We should think of motherhood more like we do roller coasters, for that is really what motherhood is – a never ending magnificently winding roller coaster. Some people really love them, and throw their hands in the air in pure excitement and joy. Others become terrified, and throw up all over whomever happens to be in the way. In the case of motherhood, the person in the way is a child, who does not deserve to be thrown up on and will be incapable of cleaning the mess up themselves until at least adulthood, if ever.
With the stakes so high, why is it so difficult for us mothers to understand that another woman might be more useful to the world in other ways? Perhaps, it is because we easily made our decision to become a mother based on a title that we wanted. Gilbert poses an extraordinarily important example of why consideration of what we do not want must be a prime consideration in deciding to have children. Do any of us want a woman who should not be within 10 feet of a child having children just because it is the next (not so logical) step in her journey as a woman?

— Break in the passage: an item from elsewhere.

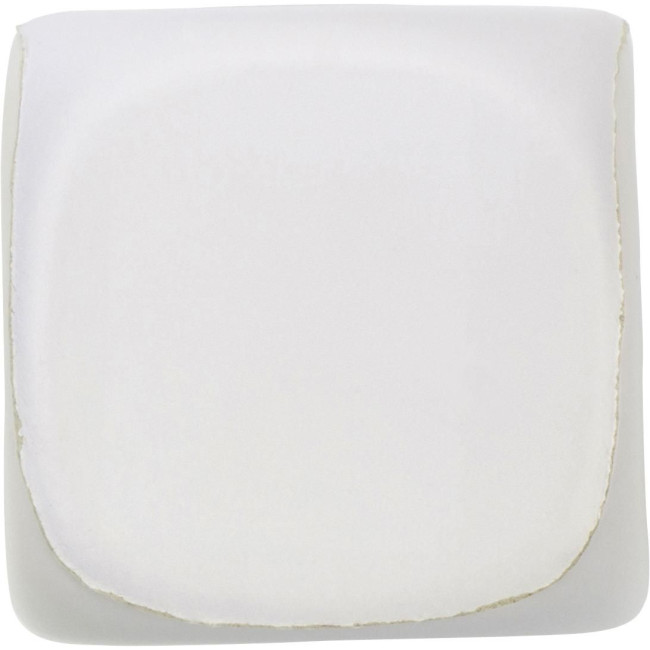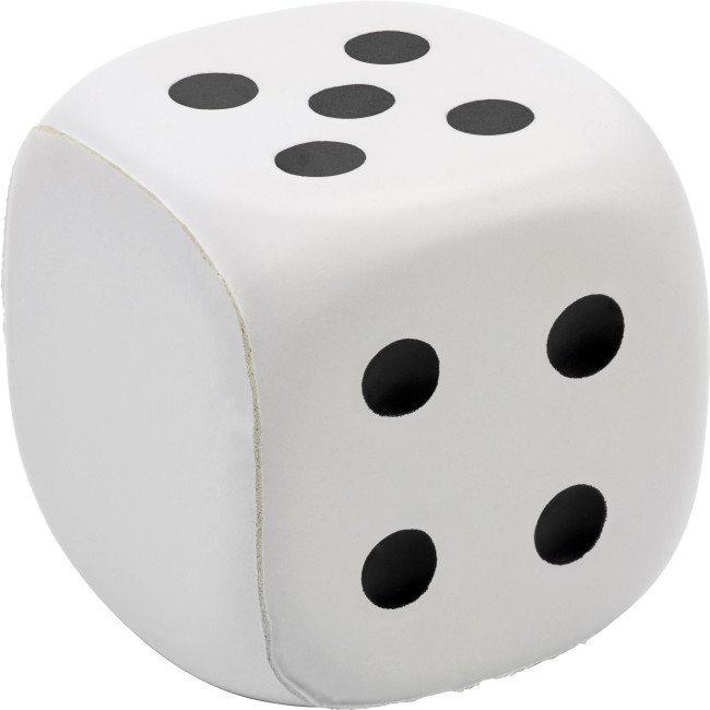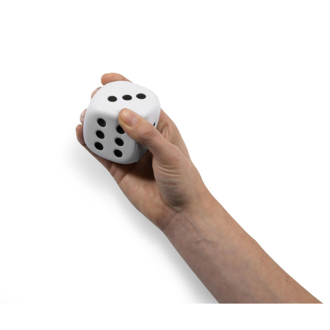 Antistress a forma dado, personalizzabile su di un lato, in PU. Gli articoli antistress possono essere stampati solo nei colori nero, bianco, oro o argento.

Those of us who were born to be mothers find motherhood challenging. How much more challenging must it be for a woman who is not necessarily meant to be a mother. Imagine being good at intermediate math, but not truly enjoying it, and struggling with advanced math. Then one day you discover that you must spend every day of your life for the rest of your life being required to do calculus. Over time you may get better at it, but the likelihood of ever finding true joy in it is slim. This is what we are asking of women who are better suited to be aunties. Worse, imagine failing math so badly that the best tutoring will not save your grade, then suddenly being required to do calculus every day for the rest of your life. You are likely to spend those days struggling and unable to fully contribute in other areas due to the stress. This is what we are asking women who should not be within 10 feet of a child to do. It is a very dangerous proposition.
Just as women have the right to choices in career and marriage, they also have a right to choose to not to have children. Motherhood does not a woman make. This is a profoundly liberating realization, not just for the women who do not want children, but for all women.
If mothers allow aunties and those who should not be within 10 feet of a child to be accepted for who they are, their gifts to our children are extraordinary. Children need women of all kinds to look up too. They need aunties to make them feel special and provide a listening ear for those times when mom just does not understand them. They also need women, who may be terrified of them, to show them things about the world that our mother brains may miss, because we are so focused on being mothers. The scope of possibilities is unfathomable when we rely upon each other’s strengths, rather than placing judgment on attributes that are not shortcomings or failings. These attributes are necessary components to our society and deserve to be celebrated.
SO this is a call to action for all woman. Lets celebrate each other, rely on each other to fill in our gaps, and become compassionate toward one another.